Larry Hughes can be an Allen Iverson type of player on a team like you and ever since he played for the Sixers, I always thought he would become a star and you guys would fit his style pretty good. He would be a great free-agent pickup, but you guys must hope you can re-sign Antonio McDyess which I sadly for you doubt will happen.

Good luck anyways.


----------



## Mongolmike (Jun 11, 2002)

*I sure hope*

you guys take Wagner or Tskitishvilli.... cuz I want my Cavs to "not F*ck it up" and take Butler! Either way, Butler does NOT get by BOTH Den and Clev... one or the other takes him....

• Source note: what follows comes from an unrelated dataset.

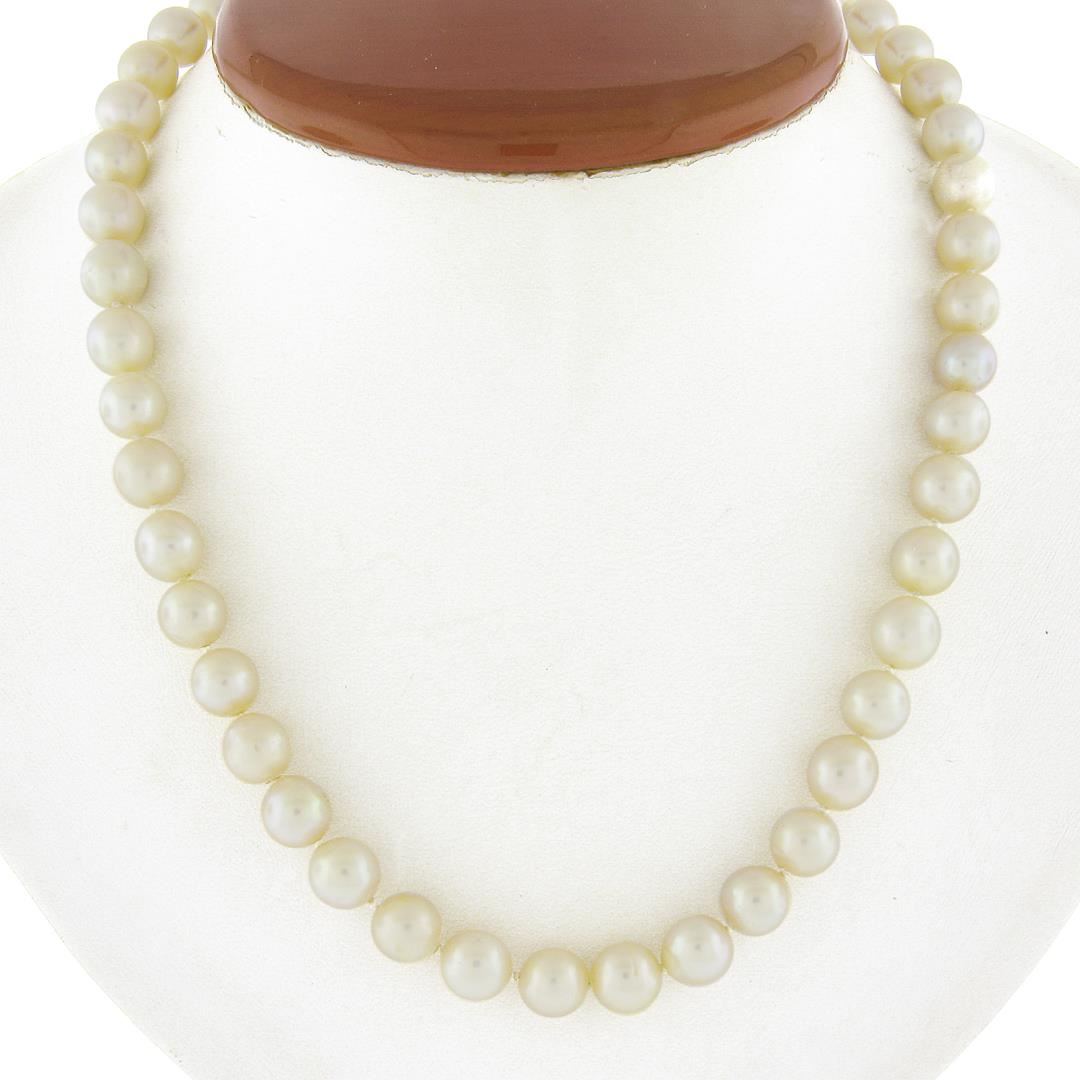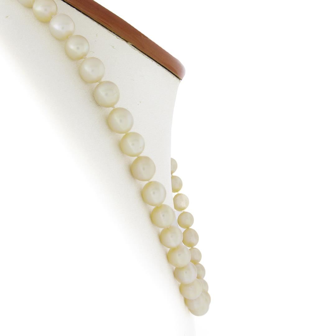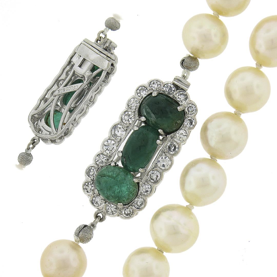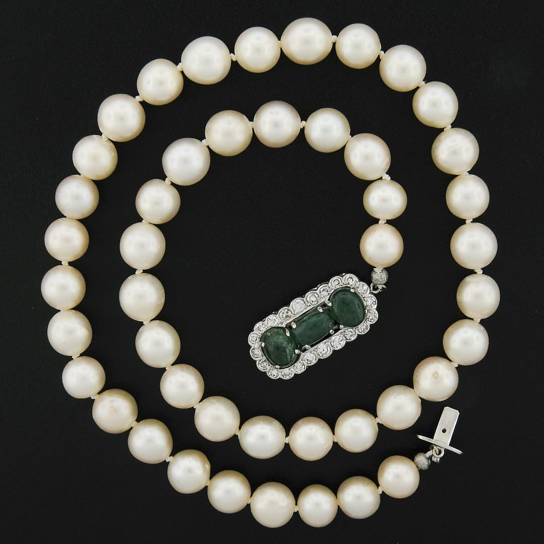 A vintage pearl strand necklace with 18k white gold clasp, featuring 45 round shape cultured pearls (8.85mm), 3 oval cabochon cut natural emeralds (8.3x5.3mm, 6.9x5mm & 7.8x5.9mm), and 22 old single cut natural diamonds (G-I - SI1-I1 ; 1.10ctw ). 17.5 inch pearl strand link chain, 44.32 grams total weight.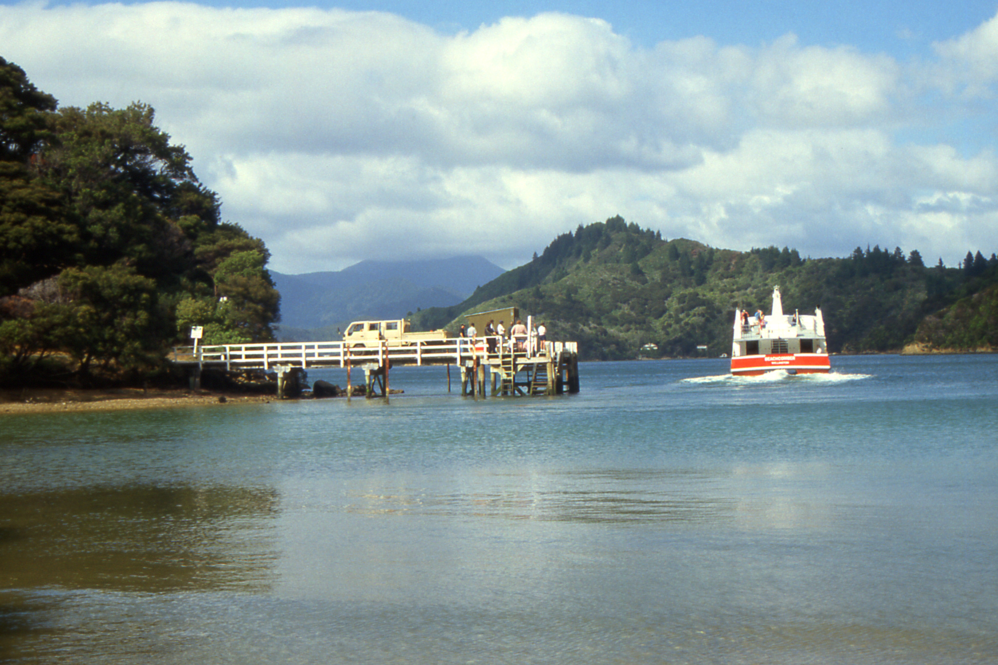 There were plenty of seats available on this morning’s bus to Picton so I decided to move on and rushed along the road to buy some film. I decided to get just the one just as well as they were $13.50 each as against $10.87 in Dunedin. The bus had to wait for a connection from the driver said Marahua but the timetable shows the bus from Kaiteriteri doesn’t go via Marahua and were thirteen minutes late leaving, then there were a couple of pick-ups and it was twenty past ten before we hit the road.

by the way, IF Gooden and Butler and Wagner are still there, and Den does not get Hughes in a trade.... who do you take?


----------



## BlazerFan22 (Jul 4, 2006)

STING said:


> If you look at almost any team in the NBA, they will have at least one player that is the kind of guy a team can be built around. This is one thing the Nuggets dont have. Before they can talk about polishing up, or glueing together, they need players TO glue together and polish up. In my opinion, the only way they are going to do that is by either drafting and waiting, or trading their pick(s).


Ya they have one.


----------



## thaKEAF (Mar 8, 2004)

BlazerFan22 said:


> Ya they have one.


What was the point of bumping this?


----------



## RedsDrunk (Oct 31, 2005)

?????


----------



## darth-horax (Nov 21, 2005)

Skita=the pick of the century...right behind Efthimios Rentzias!


----------



## Timmons (May 25, 2005)

darth-horax said:


> Skita=the pick of the century...right behind Efthimios Rentzias!


Rentzias was Bickerstaff's final stake in the Nuggets fans hearts when he destroyed the team and skipped town. Surprised he was allowed back into the NBA after the job he did to Denver.

Caron Butler...man...I nearly had an effin' heart attack when they passed him up! He was so good at UCONN and is great in Washington. What a terrible draft.

Skeet Skeet Skita and Nene.

Could have had: Amare and Caron.


----------